This is useful for time series visualization and analysis spanning both continuous pricing and discrete events.
The output schema is standardized across both branches:
setting CLOSE as otp.nan and VOLUME as 0 for the event rows,
and EVENT_TYPE as an empty otp.string[40] for the daily pricing rows.
import onetick.py as otp
# Daily pricing, filtered to the composite (empty EXCHANGE).
day = otp.DataSource(db='US_COMP_DAILY', tick_type='DAY')
day = day.where(day['EXCHANGE'] == '')
day = day[['CLOSE', 'VOLUME']]
day['EVENT'] = 0
day['EVENT_TYPE'] = otp.string[40]('')
# Earnings events only, shaped to the same schema as the daily pricing.
event = otp.DataSource(db='US_COMP_DAILY', tick_type='EVENT',
schema_policy='manual', schema={'EVENT_TYPE': otp.string[40]})
event = event.where(event['EVENT_TYPE'] == 'EARNING_DATE')
event['CLOSE'] = otp.nan
event['VOLUME'] = 0
event['EVENT'] = 1
event = event[['CLOSE', 'VOLUME', 'EVENT', 'EVENT_TYPE']]
# Union the two streams.
data = otp.merge([day, event])
result = otp.run(data,
start=otp.dt(2024, 1, 1),
end=otp.dt(2024, 4, 1),
timezone='America/New_York',
symbols='CSCO')
result
| Time | CLOSE | VOLUME | EVENT | EVENT_TYPE | |
|---|---|---|---|---|---|
| 0 | 2024-01-02 20:15:00 | 50.51 | 20242939 | 0 | |
| 1 | 2024-01-03 20:15:00 | 50.51 | 20303875 | 0 | |
| 2 | 2024-01-04 20:15:00 | 50.08 | 18134121 | 0 | |
| 3 | 2024-01-05 20:15:00 | 50.09 | 13989287 | 0 | |
| 4 | 2024-01-08 20:15:00 | 50.46 | 18070293 | 0 | |
| ... | ... | ... | ... | ... | ... |
| 57 | 2024-03-22 20:15:00 | 49.78 | 15022861 | 0 | |
| 58 | 2024-03-25 20:15:00 | 49.68 | 16191164 | 0 | |
| 59 | 2024-03-26 20:15:00 | 49.55 | 13842923 | 0 | |
| 60 | 2024-03-27 20:15:00 | 49.77 | 17230958 | 0 | |
| 61 | 2024-03-28 20:15:00 | 49.91 | 18139735 | 0 |
62 rows × 5 columns
Combining or Unioning 1 Minute Trade Bars and US Earnings Events#
Merge pre-calculated 1 minute trade bar data with earnings events on the same day,
allowing analysis of intraday price movement patterns around earnings announcements,
using otp.merge.
The output schema is standardized across both branches:
setting LAST as otp.nan and VOLUME as 0 for the event rows,
and EVENT_TYPE as an empty otp.string[40] for the bar rows.
import onetick.py as otp
# Pre-calculated 1 minute trade bars.
bars = otp.DataSource(db='US_COMP_BARS', tick_type='TRD_1M')

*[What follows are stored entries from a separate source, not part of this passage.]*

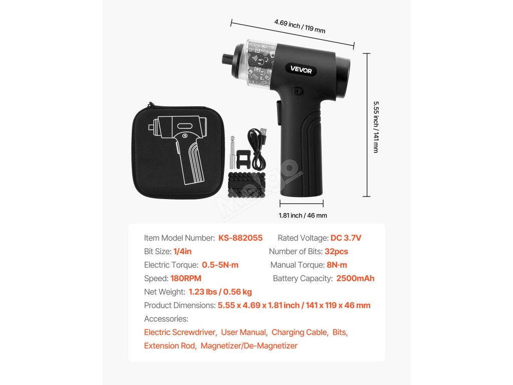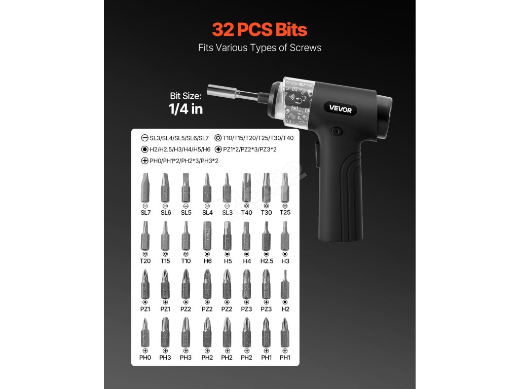 Tento elektrický šroubovák je vybaven 32 vyměnitelnými bity a nastavitelným rozsahem krouticího momentu 0,5-5 N-m a snadno zvládá různé úkoly. Jemná regulace krouticího momentu vám pomůže přesně utáhnout šrouby, aniž byste to přehnali, ať už pracujete na spotřebičích, nábytku nebo pomůckách.
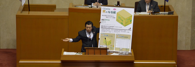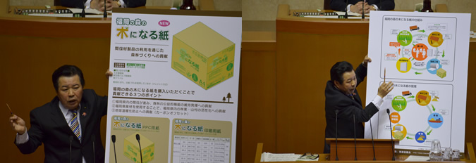 低迷する林業の振興を願い、県産の間伐材を利用した「福岡の森の『木になる紙』」について質問する。
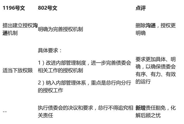 802號文具化授權要求,并新增責任豁免,該等機制的有效執行,能有效解決銀行分支機構參與債委會的深度及執行債委會決議的力度和效率問題,提高不良資產債務重組的效率和成功率。
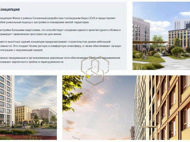 "Солнечный" представляет собой проект комплексной жилой застройки с низкой плотностью зданий, уникальной современной архитектурой, высококачественным благоустройством общественных пространств и комфортными условиями проживания. Маленькие здания, удобные внутридворовые пространства без автомобилей, живописные пешеходные маршруты, зелёные аллеи, системы организации парковки, строительство надземных автостоянок.
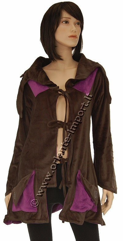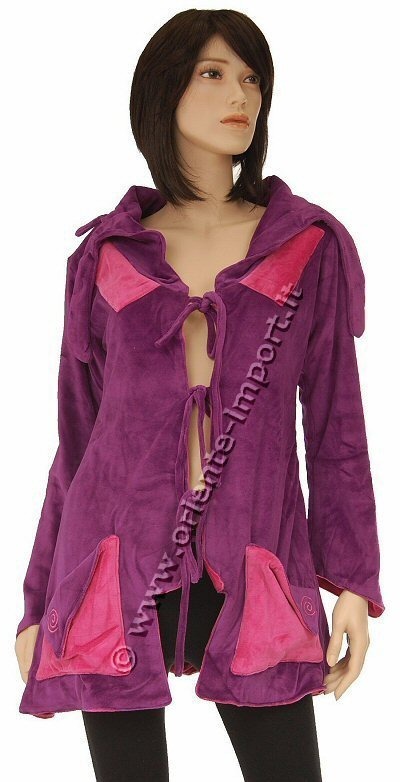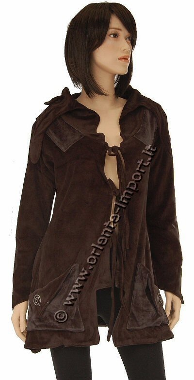 LONG VELVET JACKET WITH FLEECE INSIDE, OPENED ON THE FRONT SIDE WIT BIG NECK AND TWO POCKETS.
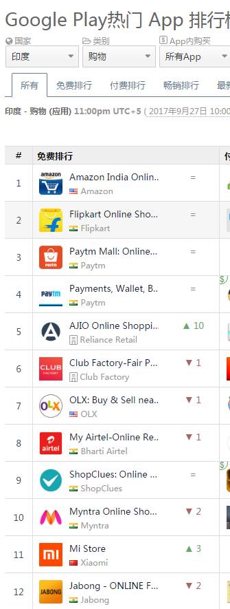 Google Play排名方面,排名前5名依次为Amazon、Flipkart、Paytm Mall、Paytm的Payments软件以及AJIO。值得注意的是,小米商城App排至Google Play排名的第11。
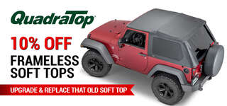 Multiple options: The Adventure Top S Soft Top can be used as a fully enclosed soft top, or easily flip back the front section so the front seat passengers can enjoy open-air driving. All three windows can be zipped out and the Adventure® Top S transforms into a full-length Bimini Top.

bars = bars[['LAST', 'VOLUME']]
bars['EVENT'] = 0
bars['EVENT_TYPE'] = otp.string[40]('')
# Earnings events only, shaped to the same schema as the bars.
event = otp.DataSource(db='US_COMP_DAILY', tick_type='EVENT',
schema_policy='manual', schema={'EVENT_TYPE': otp.string[40]})

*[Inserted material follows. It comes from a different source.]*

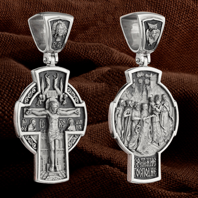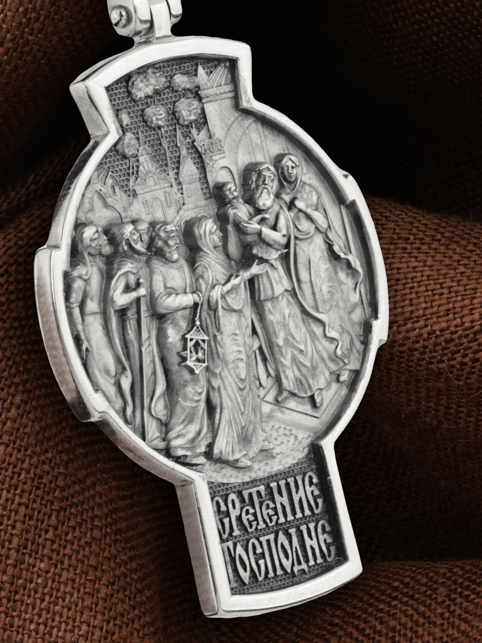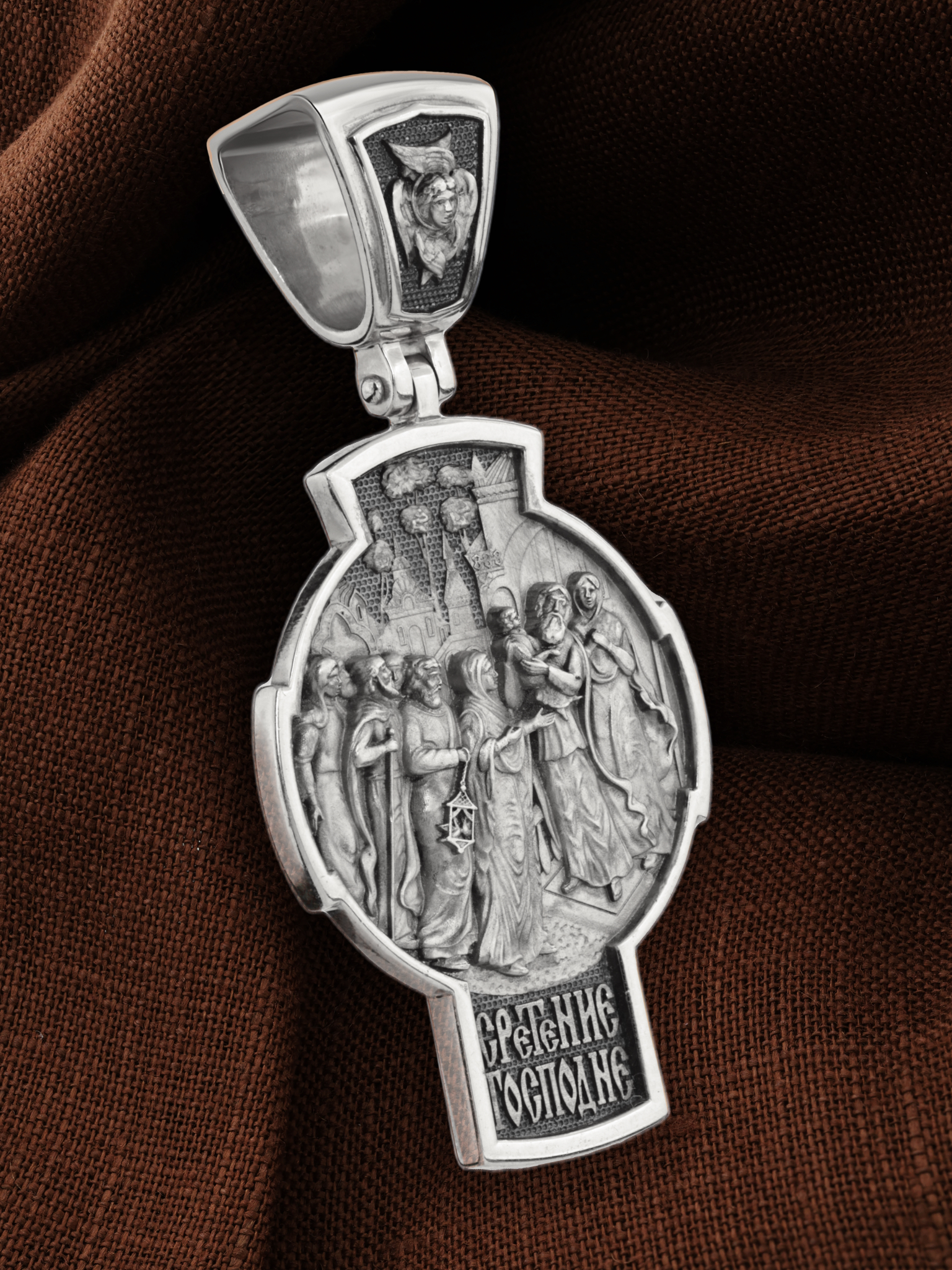 На оборотной стороне креста изображена икона Сретение Господне. В сороковой день по рождении Богомладенец был принесен в Иерусалимский храм. В это время жил в Иерусалиме праведный старец Симеон. Ему было откровение, что он не умрет, пока не увидит Христа Спасителя. По внушению свыше благочестивый старец пришел в храм в то время, когда Пресвятая Богородица и праведный Иосиф принесли туда Младенца Иисуса, чтобы исполнить законный обряд. Богоприимец Симеон взял Богомладенца на руки и, благословив Бога, изрек пророчество о Спасителе мира: «Ныне отпускаешь раба Твоего, Владыка, по слову Твоему, с миром, ибо видели очи мои спасение Твое, которое Ты уготовал пред лицем всех народов, свет к просвещению язычников и славу народа Твоего Израиля» (Лк. 2: 29–32). Пресвятой Деве праведный Симеон сказал: «Се, лежит Сей на падение и на восстание многих в Израиле и в предмет пререканий, и Тебе Самой оружие пройдет душу, да откроются помышления многих сердец». В храме была также 84-летняя вдовица Анна, пророчица, дочь Фануилова, которая постом и молитвой служила Богу в храме день и ночь. Она «славила Господа и говорила о Богомладенце всем, ожидавшим избавления в Иерусалиме». На кулонном кольце изображен шестикрылый Ангел — Серафим.

event = event.where(event['EVENT_TYPE'] == 'EARNING_DATE')
event['LAST'] = otp.nan
event['VOLUME'] = 0
event['EVENT'] = 1
event = event[['LAST', 'VOLUME', 'EVENT', 'EVENT_TYPE']]
# Union the two streams.
data = otp.merge([bars, event])
result = otp.run(data,
start=otp.dt(2024, 2, 14),
end=otp.dt(2024, 2, 15),
timezone='America/New_York',
symbols='CSCO')
result
| Time | LAST | VOLUME | EVENT | EVENT_TYPE | |
|---|---|---|---|---|---|
| 0 | 2024-02-14 05:08:00 | 49.74 | 400 | 0 | |
| 1 | 2024-02-14 05:09:00 | 49.74 | 0 | 0 | |
| 2 | 2024-02-14 05:10:00 | 49.74 | 0 | 0 | |
| 3 | 2024-02-14 05:11:00 | 49.74 | 0 | 0 | |
| 4 | 2024-02-14 05:12:00 | 49.74 | 0 | 0 | |
| ... | ... | ... | ... | ... | ... |
| 894 | 2024-02-14 20:01:00 | 47.63 | 0 | 0 | |
| 895 | 2024-02-14 20:02:00 | 47.63 | 0 | 0 | |
| 896 | 2024-02-14 20:03:00 | 47.63 | 0 | 0 | |
| 897 | 2024-02-14 20:04:00 | 47.63 | 0 | 0 | |
| 898 | 2024-02-14 20:05:00 | 47.63 | 0 | 0 |
899 rows × 5 columns
Combining or Unioning Trades and US Earnings Events#
Combine individual trade data with earnings events into a unified stream, creating a single data source that
captures both transaction-level activity and corporate announcements, using otp.merge.
The output schema is standardized across both branches:
setting PRICE as otp.nan and SIZE as 0 for the event rows,
and EVENT_TYPE as an empty otp.string[40] for the trade rows.
import onetick.py as otp
# Trades from the US Composite.
trd = otp.DataSource(db='US_COMP', tick_type='TRD')
trd = trd[['PRICE', 'SIZE']]
trd['EVENT'] = 0
trd['EVENT_TYPE'] = otp.string[40]('')
# Earnings events only, shaped to the same schema as the trades.
event = otp.DataSource(db='US_COMP_DAILY', tick_type='EVENT',
schema_policy='manual', schema={'EVENT_TYPE': otp.string[40]})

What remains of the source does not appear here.